A major strength of the study was that it was adequately powered in terms of sample size when compared to other studies that reported test-retest analysis [46, 47] Our sample size was higher than that proposed in guidelines, a minimum of 50 respondents is considered adequate for assessing test-rest reliability [17]. There are several limitations to highlight. Our study sample was drawn from a pool of older people with access to internet and who were English speaking, therefore it is not completely representative of the population of older people receiving aged care services at home. The Australian Bureau of Statistics indicate that whilst most older Australians are regular internet users, a significant minority (38% in 2018) are not in the past three months. Furthermore, respondents self-completed the survey online and hence we were not able to verify whether they understood the survey well and provided accurate responses. Further, it is likely that the study findings may have been influenced by the order in which the instruments were administered. As the QOL-ACC was always administered first both at test and retest surveys, it was not possible to assess whether the order of administration had any significant impact on our results. Further research could address this issue through methods such as randomization of instrument and counterbalancing. Our group is currently undertaking a body of work to translate and validate the QOL-ACC into other non-English languages and to produce easy-read/pictorial versions of the instrument for older people with cognitive impairment and dementia.

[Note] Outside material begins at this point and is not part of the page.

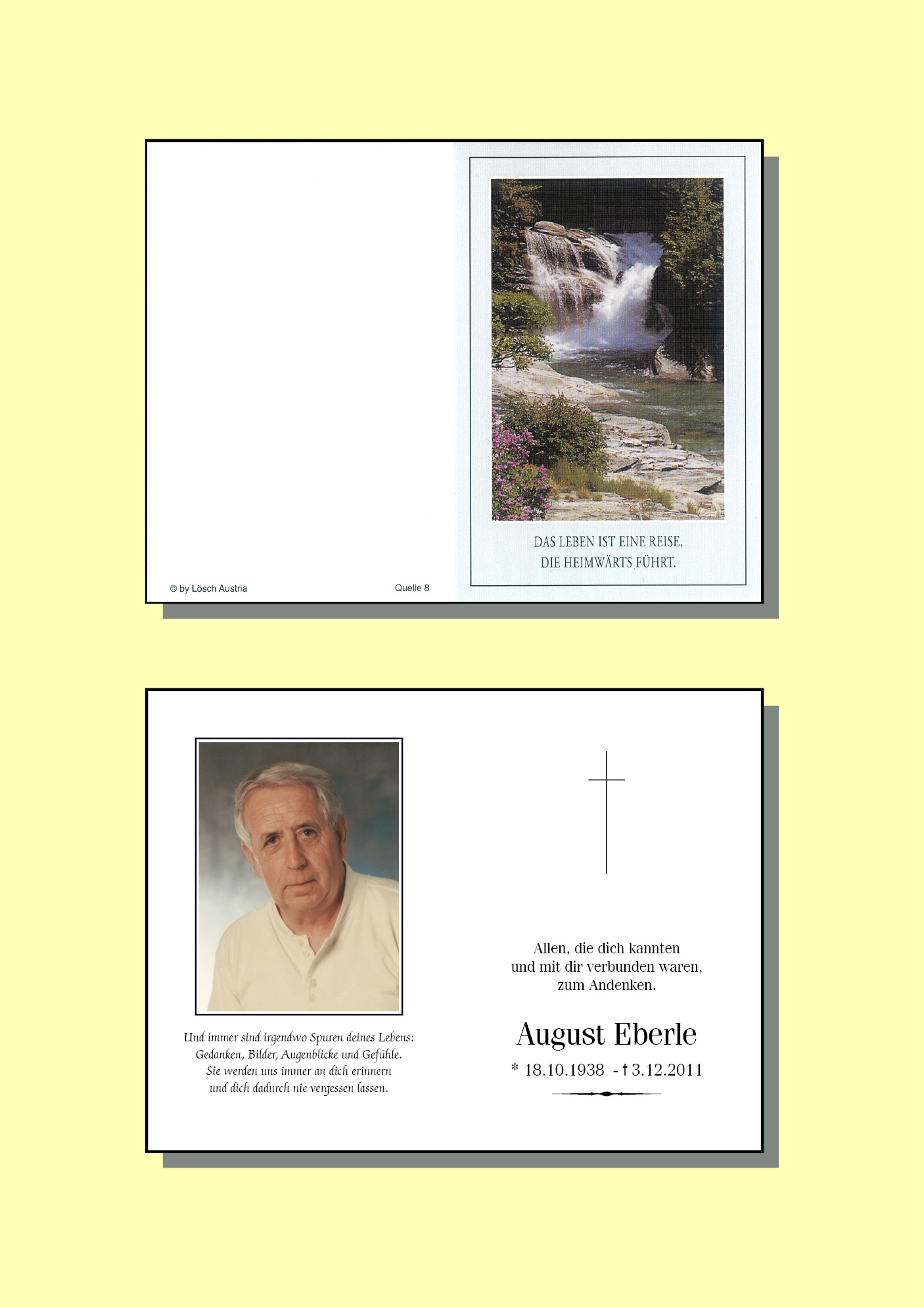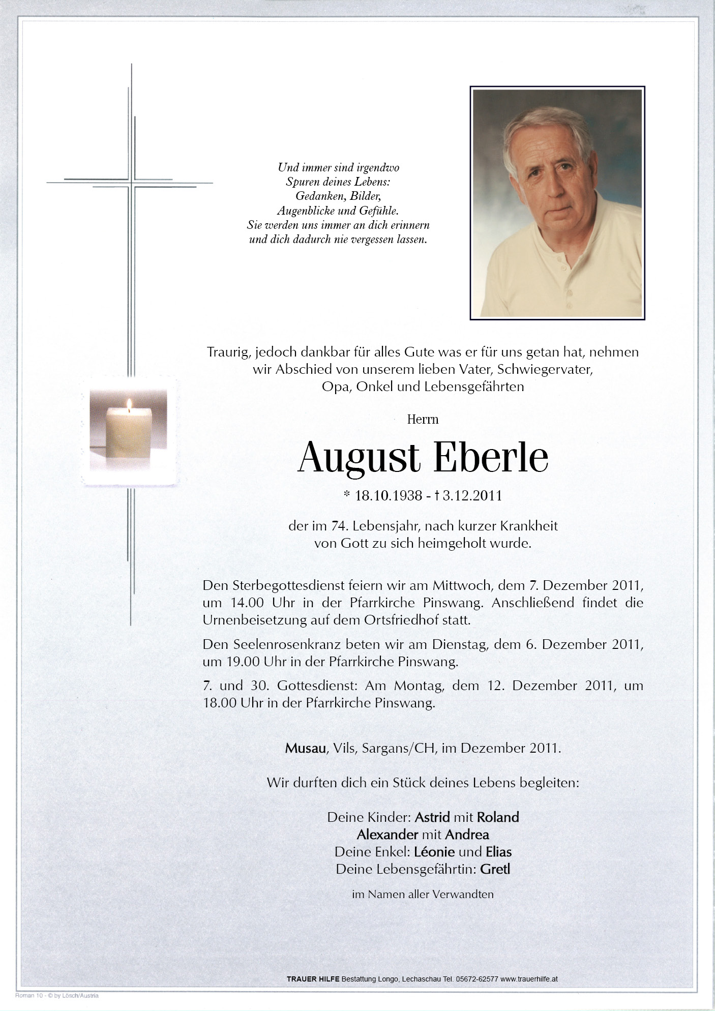 Als Gott sah,dass der Weg zu lang,der Hügel zu steil,das Atmen zu schwer wurde,legte er seinen Arm um mich und sprach: Komm heim. Es ist immer zu früh,wenn ein Vater geht.
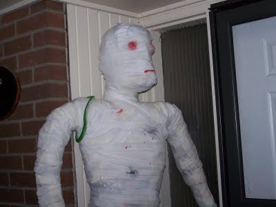 This Seven foot tall recreation of the Lincoln Mummy was made by yours truly and he comes out every Halloween, he has big claw like hands and is covered in blood. I've seen kids just dart away from him. The only difference between him and the Lincoln Mummy is mine wears size 15 Chuck Taylors, just like his papa.

In conclusion, this study has demonstrated that the QOL-ACC is a reliable instrument with good temporal consistency, supporting its repeated use as a key quality indicator among older people accessing aged care services at home. This study also supports the adoption of the QOL-ACC as an outcome measure in economic evaluation for aged care interventions where a broader aim of improving quality of life is the major focus. Further reliability assessment of the QOL-ACC in residential aged care settings is warranted. Also, future studies need to explore its responsiveness to provide evidence of its applicability for economic evaluation of aged care specific interventions in trials and cohort studies.